Group GKP code[1]

Description

Group-based quantum code whose construction is based on nested subgroups \(H\subset K \subset G\). The group GKP code was originally formulated as an extension of the GKP code construction to other group-valued spaces. In other words, the only requirement to construct group GKP codes is that the configuration space \(G\) is a group under some operation.

Group GKP codes are stabilized by \(X\)-type group-based error operators representing \(H\) and all \(Z\)-type operators that are constant on \(K\). The \(Z\)-type operators are non-unitary matrix product operators for non-Abelian groups. The codes' logical subspace is spanned by basis states that are equal superpositions of elements of cosets of \(H\) in \(K\), and can be finite- or infinite-dimensional depending on the chosen groups.

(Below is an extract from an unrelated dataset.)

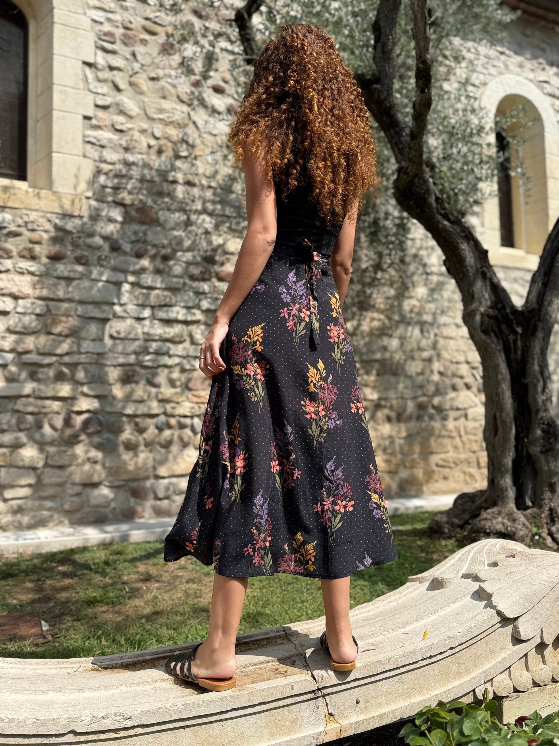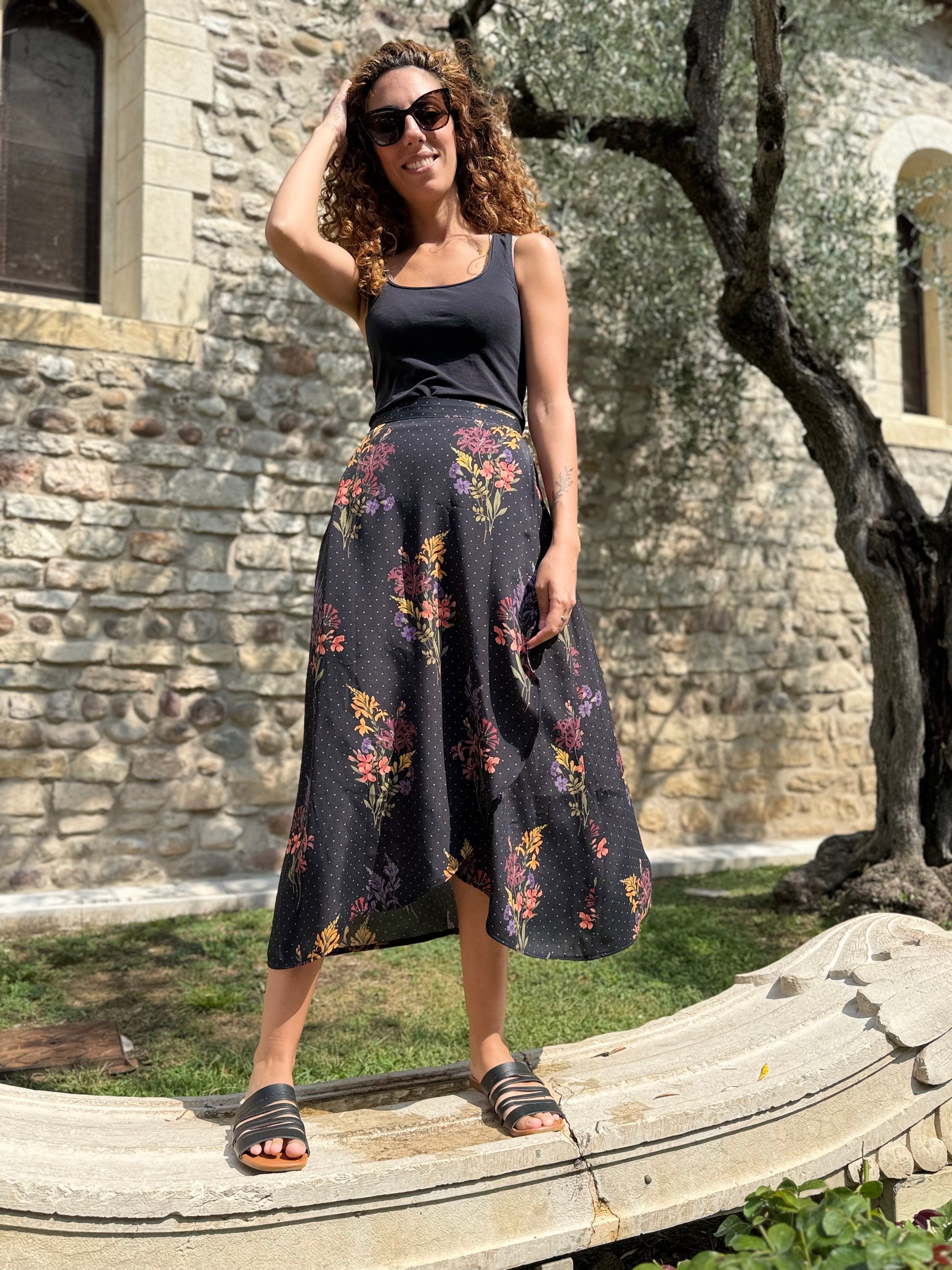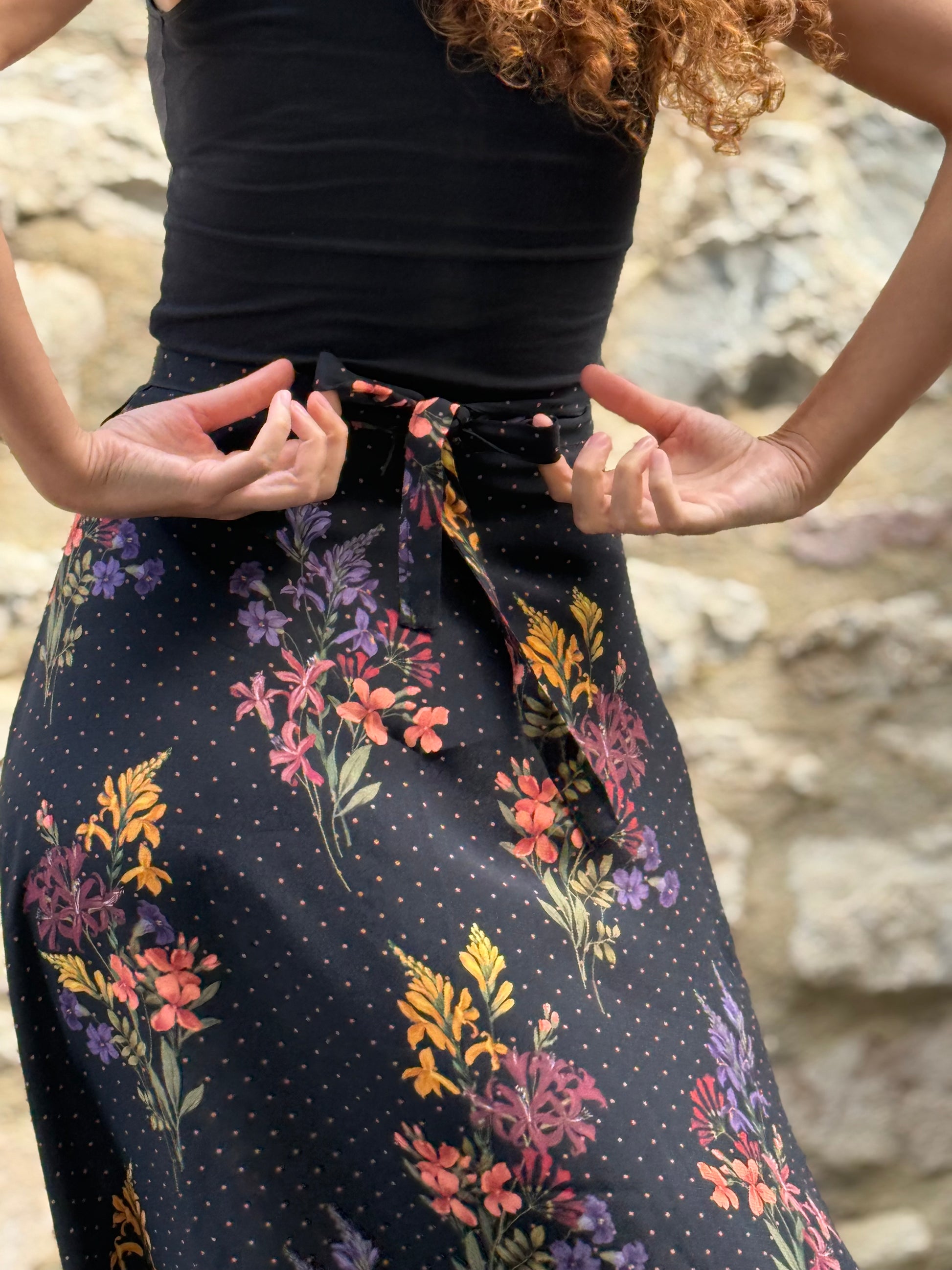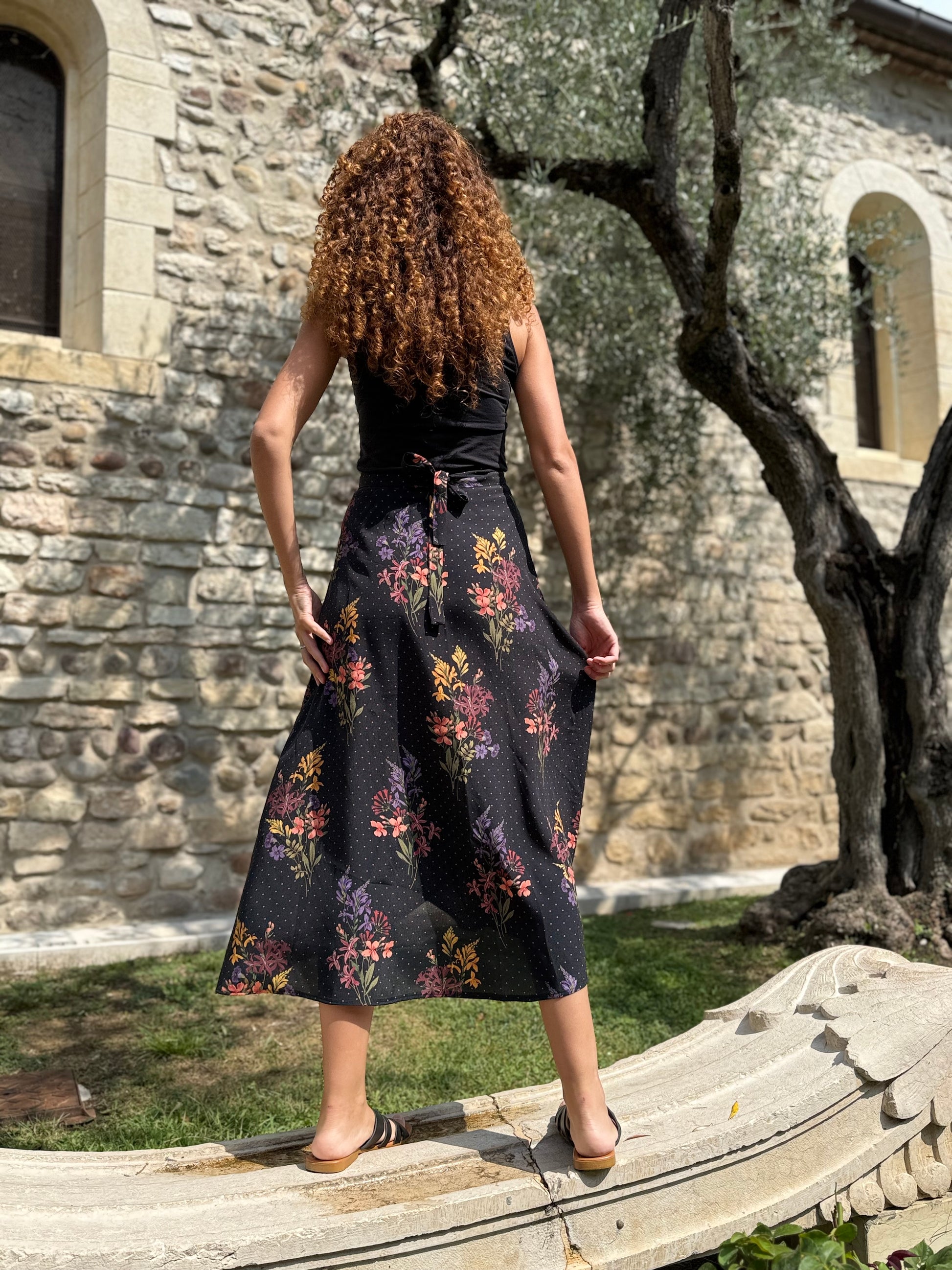 Una gonna a portafoglio senza bottoni né asole, libera da rigidità: si chiude con un semplice nodo, come un abbraccio che si adatta a chi la indossa.

The construction encompasses a wide variety of codes, whose \(G\) and \(H\) are tabulated in Table I. An \(n\) Galois-qubit CSS code corresponds to the \(GF(q)^{k_1} \subseteq GF(q)^{k_2} \subset GF(q)^{n}\) group construction, where \(k=k_2-k_1\), and where the group operation is addition; this construction should be extendable to additive \(q\)-ary codes since those are also groups under addition. An \([[n,k,d]]_{\mathbb{R}}\) analog CSS code corresponds to the \(\mathbb{R}^{ k_1} \subseteq \mathbb{R}^{ k_2} \subset \mathbb{R}^{n}\) group construction, where \(k=k_2-k_1\). A single-mode qubit GKP CSS code corresponds to the \(2\mathbb{Z}\subset\mathbb{Z}\subset\mathbb{R}\) group construction, and multimode GKP CSS codes can be similarly described. Oscillator-into-oscillator GKP CSS codes for \(n\) modes correspond to subgroups \(\mathbb{Z}^m\) for \(m<n\). Rotor GKP codes correspond to the \(\mathbb{Z}_{k_1} \subseteq \mathbb{Z}_{k_2} \subset U(1)\) group construction, where \(k=k_2/k_1\).